JavaScript/Node.js Implementation

For Node.js environments, here's how to implement JSON extraction with MCP servers:

const { MCPClient } = require('@anthropic/mcp-client');

class JSONExtractor {
  constructor(mcpClient) {
    this.client = mcpClient;
  }

  async extractFromNetworkRequests(url) {
    // Navigate to page
    await this.client.callTool('browser_navigate', { url });

    // Wait for page to load
    await this.client.callTool('browser_wait_for', { time: 2 });

    // Get network requests
    const requests = await this.client.callTool('browser_network_requests', {});

    // Filter and parse JSON responses
    const jsonData = requests
      .filter(req => {
        const contentType = req.response?.headers['content-type'] || '';
        return contentType.includes('application/json');
      })
      .map(req => {
        try {
          return {
            url: req.url,
            data: JSON.parse(req.response.body)
          };
        } catch (e) {
          return null;
        }
      })
      .filter(item => item !== null);

    return jsonData;
  }

  async extractStructuredData(url) {
    // Use WebScraping.AI for structured data extraction
    const result = await this.client.callTool('webscraping_ai_question', {
      url,
      question: 'Extract all structured data from this page and return it as valid JSON'
    });

    try {
      return JSON.parse(result.answer);
    } catch (e) {
      // If not valid JSON, try to extract from markdown code blocks
      const jsonMatch = result.answer.match(/```language-json\n([\s\S]*?)\n```/);
      if (jsonMatch) {
        return JSON.parse(jsonMatch[1]);
      }
      throw new Error('Could not parse JSON from response');
    }
  }

  async extractPageState(url) {
    await this.client.callTool('browser_navigate', { url });

    const state = await this.client.callTool('browser_evaluate', {
      element: 'application state',
      function: `() => {
        // Extract Redux state if available
        if (window.__REDUX_DEVTOOLS_EXTENSION__) {
          return window.__REDUX_DEVTOOLS_EXTENSION__.store.getState();
        }

        // Extract Next.js data
        if (window.__NEXT_DATA__) {
          return window.__NEXT_DATA__;
        }

        // Extract Nuxt.js data
        if (window.__NUXT__) {
          return window.__NUXT__;
        }

        return null;
      }`
    });

    return state;
  }
}

// Usage
(async () => {
  const client = new MCPClient();
  const extractor = new JSONExtractor(client);

  // Extract JSON from different sources
  const networkData = await extractor.extractFromNetworkRequests(
    'https://example.com/products'
  );

  const structuredData = await extractor.extractStructuredData(
    'https://example.com/api-docs'
  );

  const pageState = await extractor.extractPageState(
    'https://app.example.com'
  );

  console.log('Extracted JSON Data:', {
    network: networkData,
    structured: structuredData,
    state: pageState
  });
})();

Advanced JSON Extraction Techniques

Handling Paginated JSON APIs

When dealing with paginated data, you need to extract JSON across multiple requests:

async def extract_paginated_json(base_url: str, max_pages: int = 10):
    all_data = []
    page = 1

    while page <= max_pages:
        # Navigate to paginated URL
        url = f"{base_url}?page={page}"
        await browser_navigate(url=url)

        # Extract JSON from network response
        requests = await browser_network_requests()

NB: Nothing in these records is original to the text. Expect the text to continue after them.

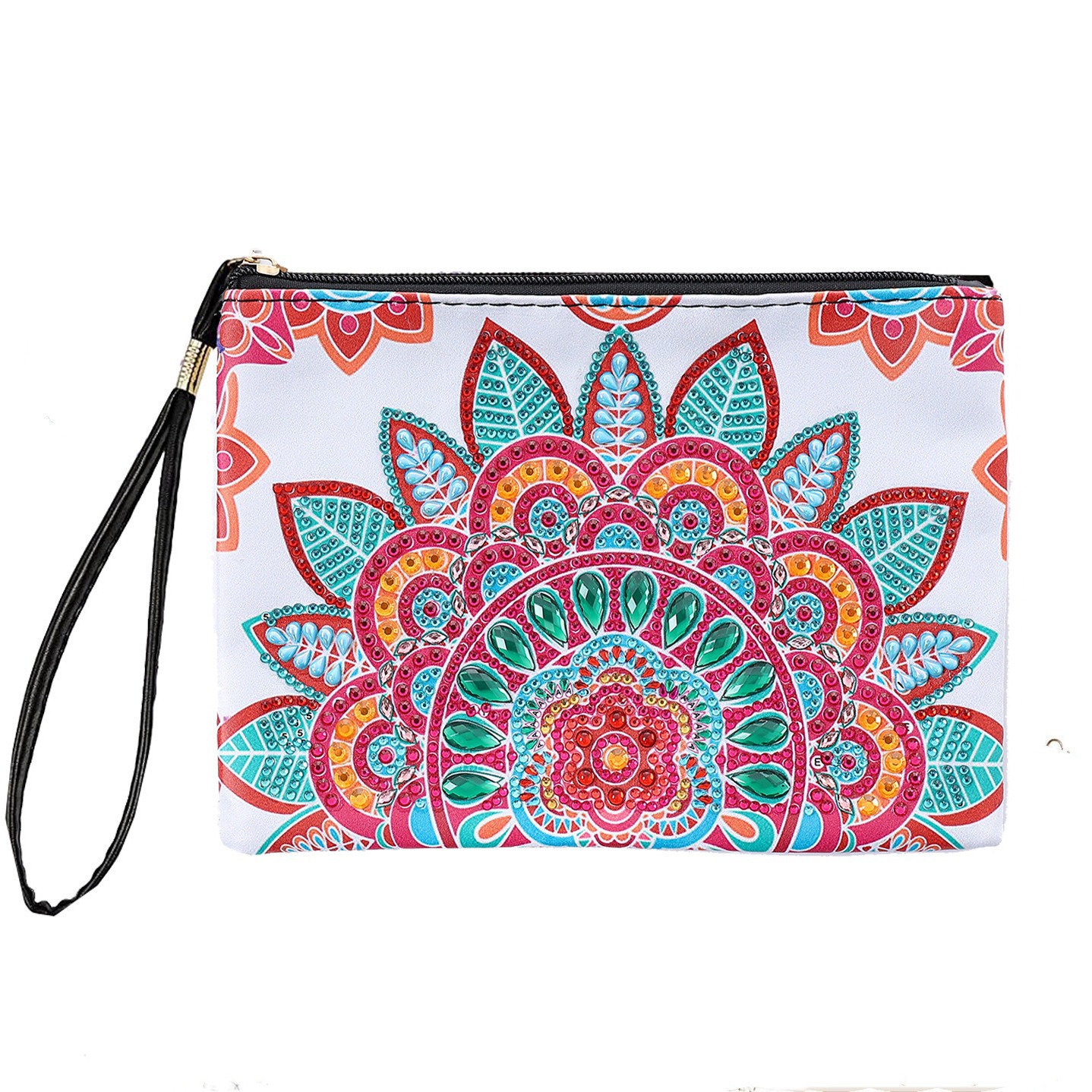 5D1ピース5D DIYダイヤモンド塗装ハンドバッグ化粧バッグ、曼荼羅スタイル手作りダイヤモンドアート工芸
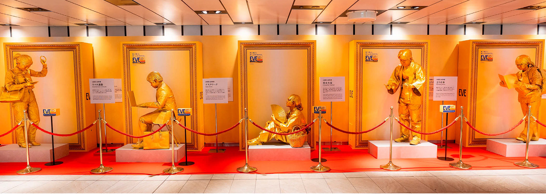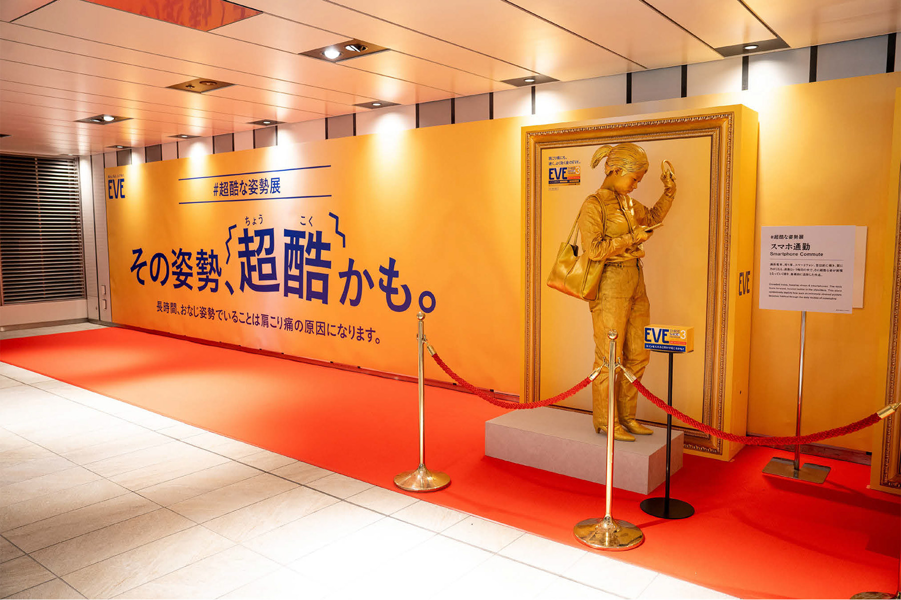 エスエス製薬は8月、自社の鎮痛剤ブランド「EVE」シリーズの「イブスリーショットプレミアム」を訴求するイベント「超酷な姿勢展」を実施した。全日程7日間のうち3日間、1日 4回、彫像パフォーマーが登場。デスクワークや通勤電車、花火大会、観光など、長時間同じ姿勢を取り続けるシーンをパフォーマーが再現し、展示した。
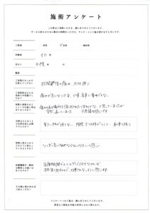 初回の施術で痛みは半減、2回目の施術で痛みはなくなり、3回目来院時は痛みはありませんでしたが、気になる所があったので、もう1度来院していただき、4回目で終了となりました。
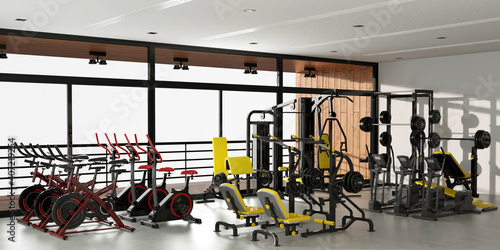 Leeres Fitnesscenter mit vielen Kraftmaschinen

        json_response = next(
            (req for req in requests if '/api/items' in req['url']),
            None
        )

        if json_response:
            data = json.loads(json_response['response']['body'])
            all_data.extend(data['items'])

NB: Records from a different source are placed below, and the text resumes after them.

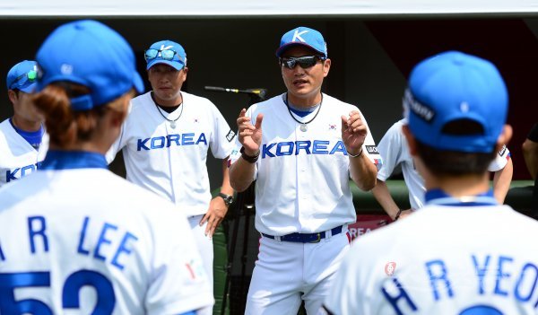 25일 경기도 이천 LG 챔피언스파크에서 ‘제 3회 LGㅇ컵 국제여자야구대회 2017’가 개막했다. 한국이 홍콩에 9-8로 승리한 뒤 동봉철 감독이 선수들을 격려하고 있다.
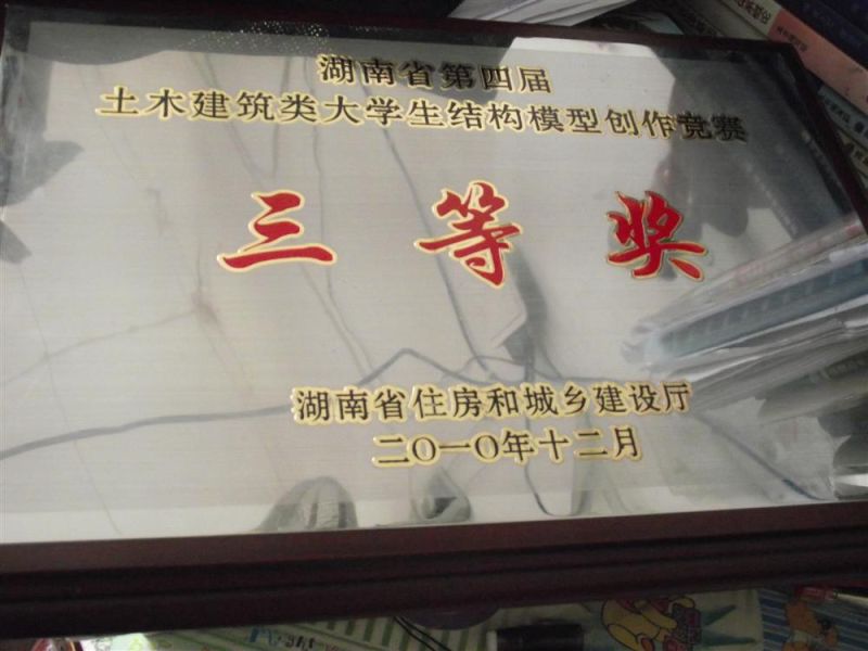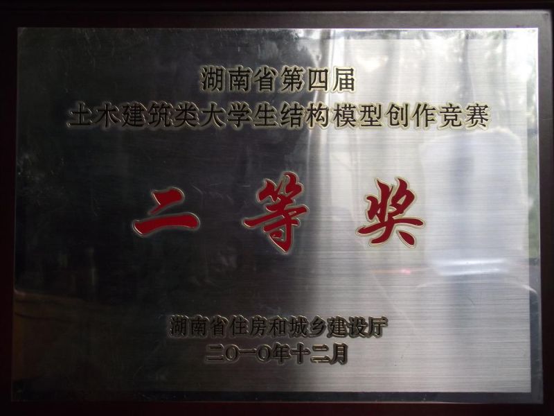 2010年5月:成功举办beats365官方网站第二届结构模型设计大赛暨城市建设公司第四届结构模型设计大赛。此次比赛中88克的纸质桥梁模型承受了46千克的重量达到了523倍荷载比的成绩,又一次刷新了我们的成绩。 2010年12月:湖南省第四届结构模型设计竞赛在中南大学举办,城市建设公司代表beats365官方网站参赛,取得了二等奖和三等奖的好成绩。
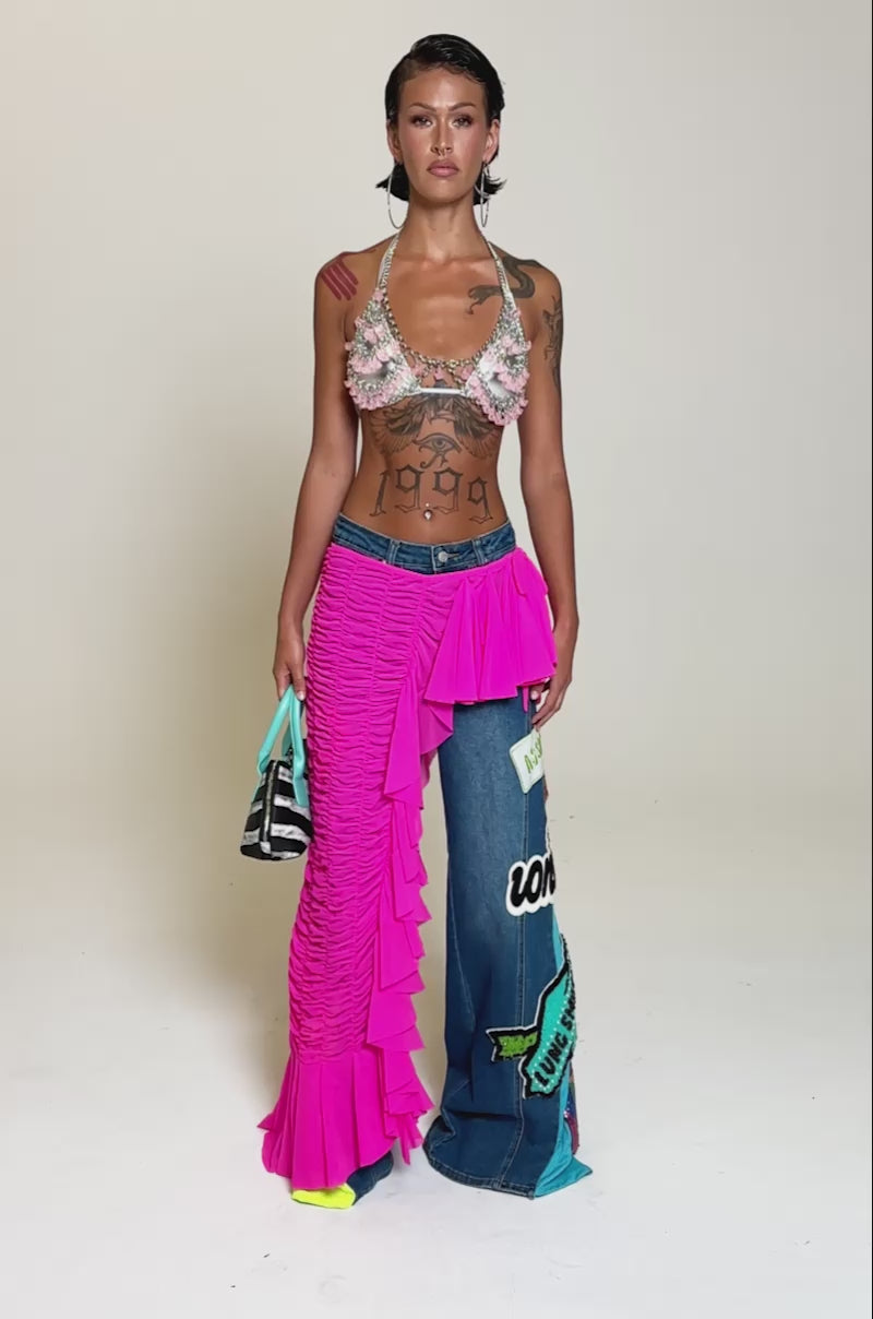 Draped in drama with The AKIRA Label Layered Up Mesh Ruffle Belt Skirt, a daring asymmetrical piece designed to command the spotlight. Crafted from stretchy sheer mesh, this skirt features ultra-flattering ruching and dramatic cascading ruffles that drape down one leg. Complete with an adjustable side-tie belt detail, and an ultra-mini cut on one side. This piece is perfect for poolside glam, festival looks, or statement layering over bodysuits.

            # Check if there's a next page
            if not data.get('has_next'):
                break

        page += 1

    return all_data

Extracting JSON from iFrames

When JSON data is embedded within iframes, similar to handling iframes in Puppeteer, you need a specialized approach:

async function extractJSONFromIframe(iframeSelector) {
  const jsonData = await browser_evaluate({
    element: 'iframe content',
    function: `() => {
      const iframe = document.querySelector('${iframeSelector}');
      const iframeDoc = iframe.contentDocument || iframe.contentWindow.document;

      // Look for JSON in iframe scripts
      const scripts = iframeDoc.querySelectorAll('script[type="application/json"]');
      const data = [];

      scripts.forEach(script => {
        try {
          data.push(JSON.parse(script.textContent));
        } catch (e) {}
      });

      return data;
    }`
  });

  return jsonData;
}

Monitoring and Validating JSON Extraction

To ensure reliable JSON extraction, implement validation and monitoring similar to monitoring network requests:

import jsonschema
from typing import Dict, Any

class JSONValidator:
    def __init__(self, schema: Dict[str, Any]):
        self.schema = schema

    def validate(self, data: Any) -> bool:
        try:
            jsonschema.validate(instance=data, schema=self.schema)
            return True
        except jsonschema.exceptions.ValidationError as e:
            print(f"Validation error: {e.message}")
            return False

    async def extract_and_validate(self, url: str):
        # Extract JSON data
        result = await webscraping_ai_question(
            url=url,
            question="Extract all product data as JSON"
        )

        try:
            data = json.loads(result['answer'])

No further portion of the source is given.